More Headlines from AGU
Tsunamis, the solar max and… oysters? Our Friday science news round-up featuring headlines from this week’s American Geophysical Union (AGU) meeting.
Monday’s sessions included several discussions about the 2011 Tohoku tsunami in Japan—its effects on the local population and on far-reaching areas as well as how we can forecast future events.
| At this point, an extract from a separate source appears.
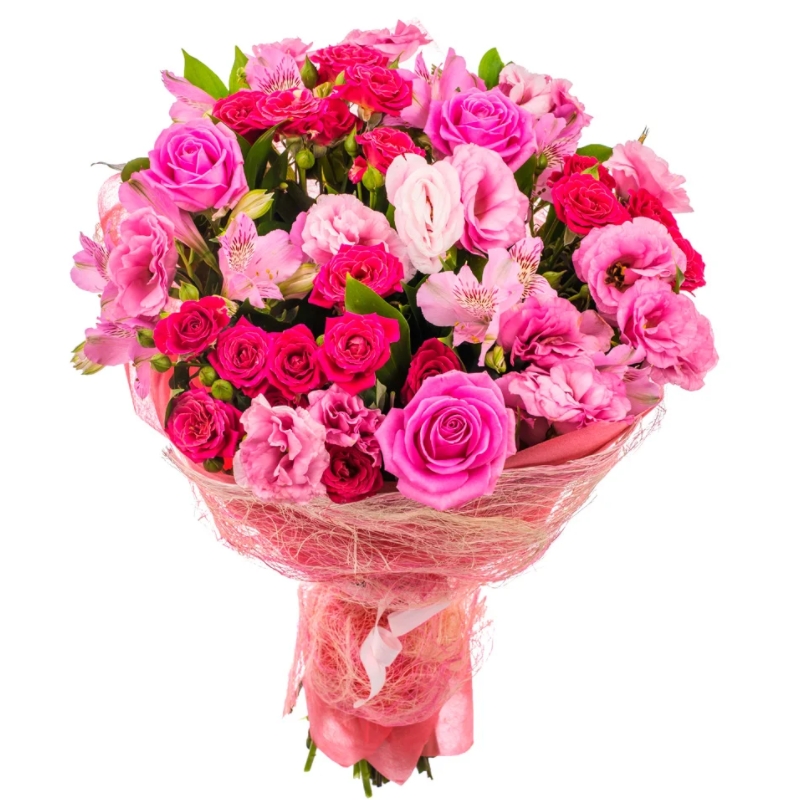 Букет состоит из 3 розовые розы, 3 ветки малиновых роз, 5 веток альстромерии, 4 эустомы, зелень, красивая упаковка, атласная лента.

One of the biggest surprises came during a presentation by Satoko Oki of the Earthquake Research Institute. She collected data from Japanese residents before and after the 2011 tsunami and found them less prepared for tsunamis after the Tohoku hit! When polled post 2011, they misidentified the minimum wave height from which to evacuate. They had correctly identified the minimum height less than a year before. The 80beats blog in Discover identifies the problem succinctly:
The Tohoku tsunami was so large–about 130 feet–that it may have dragged people’s expectations of what’s dangerous higher.
Another presentation revealed why the tsunami was so devastating—it was a “merging tsunami.” NASA researchers found that the tsunami doubled in intensity over rugged ocean ridges, amplifying its destructive power at landfall. This animation on NASA’s website illustrates the direction and power quite well.
The discovery helps explain how tsunamis can cross ocean basins to cause massive destruction at some locations while leaving others unscathed. The data raise hope that scientists may be able to improve tsunami forecasts.
Switching perspective from the oceans to outer space… NASA and NOAA held a joint workshop Tuesday on preparing for the solar max. As solar storms increase over the next 20 months or so, we can be prepared for what might and might not happen. This might remind you of a press briefing held earlier this year at the AAAS meeting that we covered here. It certainly reminded us how active the Sun can be, even during quiet times, as shown in this beautiful NASA video of SDO’s first year in space.
Finally, the Academy’s own Peter Roopnarine presented at the meeting on his research on oysters in the Gulf of Mexico. With colleagues, Peter has been testing for contaminants in the shells of oysters before and after the spill and hopes to model the spread of contaminants to other species through the food web. Check out this Science in Action video to learn more.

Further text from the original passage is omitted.